Ross Horrocks has devised a variety of recipes using lamb to support the campaign

Ross Horrocks has devised a variety of recipes using lamb to support the campaign

A Jedburgh restaurant has teamed up with NFU Scotland, Quality Meat Scotland and the National Sheep Association to promote Scottish lamb.

The three-month long ‘Wham Bam Thank You Lamb’ campaign is aimed at encouraging consumers to understand the versatility, simplicity and speed of cooking with lamb.

Supporting the campaign is Ross Horrocks, the owner and chef of The Caddy Mann Restaurant at Mounthooly, between Jedburgh and Crailing

Ross has devised some imaginative dishes using a variety of different cuts of lamb and is running a ‘Love Lamb’ menu until September 6.

He said: “My aim is to show people that Scottish lamb can be both easy, economical and very versatile.

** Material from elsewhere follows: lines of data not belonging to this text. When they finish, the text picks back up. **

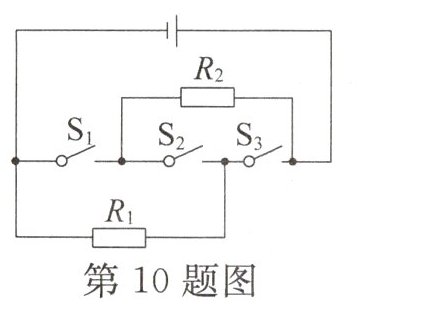 10.如图所示的电路中,电源电压 $U = 10\ V$,电阻 $R_1 = 5\ \Omega$,$R_2 = 20\ \Omega$。只闭合开关 $S_1$ 时,电路中的工作电流是______ A;只闭合开关 $S_2$ 时,电路消耗的功率为 $P$,只闭合开关 $S_1$ 和 $S_3$ 时,$R_1$ 与 $R_2$ ______ 联,电路消耗的功率为 $P'$,则两次功率之比 $P : P' =$ _______ 。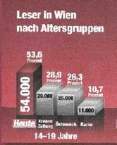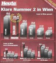 „1. Die beklagte Partei ist ab sofort schuldig, es im geschäftlichen Verkehr zu unterlassen, für 'Heute' einen Reichweitenvorsprung gegenüber periodischen Druckwerken von Mitbewerbern zu behaupten, zu veröffentlichen und/oder zu verbreiten, wenn dieser nicht außerhalb der jeweils maßgeblichen statistischen Schwankungsbreite liegt und auf diesen Umstand nicht gleichermaßen auffällig hingewiesen wird, insbesondere dem Druckwerk 'Heute' unter Verweis auf die Media-Analyse 08/09 in der Kategorie der Leser in Wien, Altersgruppe der 30‑ bis 39‑jährigen, ohne jegliche Aufklärung über die fehlende statistische Signifikanz einen Vorsprung gegenüber der Tageszeitung 'Kronen Zeitung' zuzuschreiben oder zuschreiben zu lassen.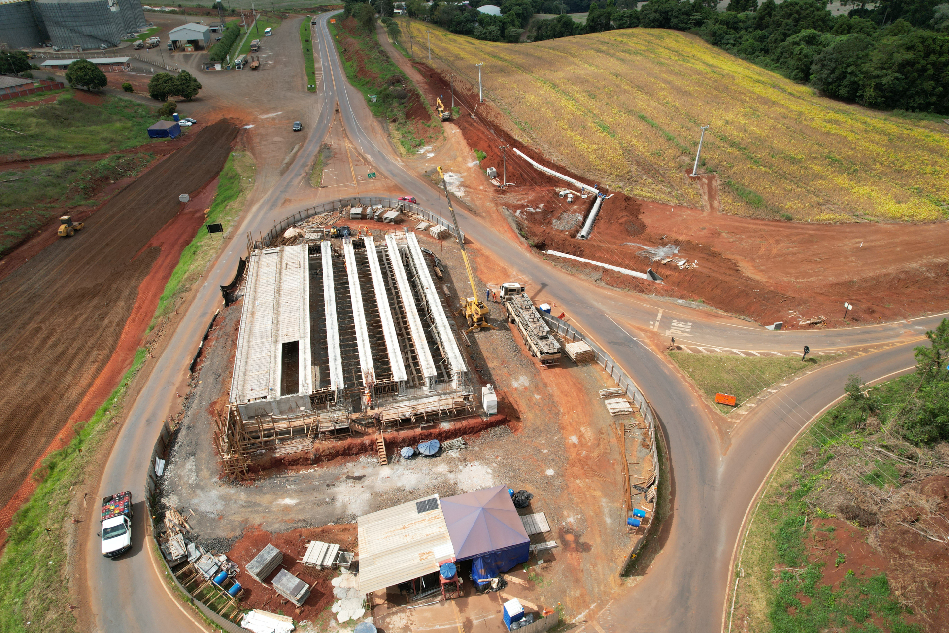 Continua como serviço mais avançado a construção das obras de arte especiais (OAE) do trecho, que incluem um viaduto na interseção da PRC-466 com a PR-239 e a PR-460 em Pitanga, outro viaduto no entroncamento da PRC-466 com a PR-456 (acesso para Santa Maria do Oeste), nas novas pontes sobre o Rio Carazinho e sobre o Rio Bonito, além da nova passarela para pedestres em Pitanga. Ainda será construído um terceiro viaduto, também em Pitanga, no entroncamento com a Avenida Universitária.

“The Scots eat much less lamb per capita than anywhere else in the UK so we are encouraging them to make Scotch Lamb a regular purchase by tempting them with different dishes that can easily be cooked at home.”

Some of the dishes on his menu will include pulled lamb flank in plum and ginger sauce with spring onion, cucumber and fried Chinese pancakes, lamb heart shepherds pie, and sticky shoulder ribs with honey and mint glaze - and that is just for starters.

Moroccan spiced lamb neck fillet tagine and slow baked rolled shoulder with crab apple and mint gravy, will feature as main courses.

All of the food on the menu is sourced locally and Ross is well known in the area for dealing direct with local farms, butchers and game estates.

The campaign will feature billboard, press and radio advertising as well as online and in-store activity.

Suzie Carlaw, marketing controller at Quality Meat Scotland, said the vision is for Scots of all ages having Scotch lamb in their “every-day meal repertoire”.

Sybil McPherson, chair of the National Sheep Association Scotland, said: “The NSA are proud to part of this opportunity to promote Scotch lamb and to emphasise the importance to the environment and the rural economy of the production of sheep in the hills.”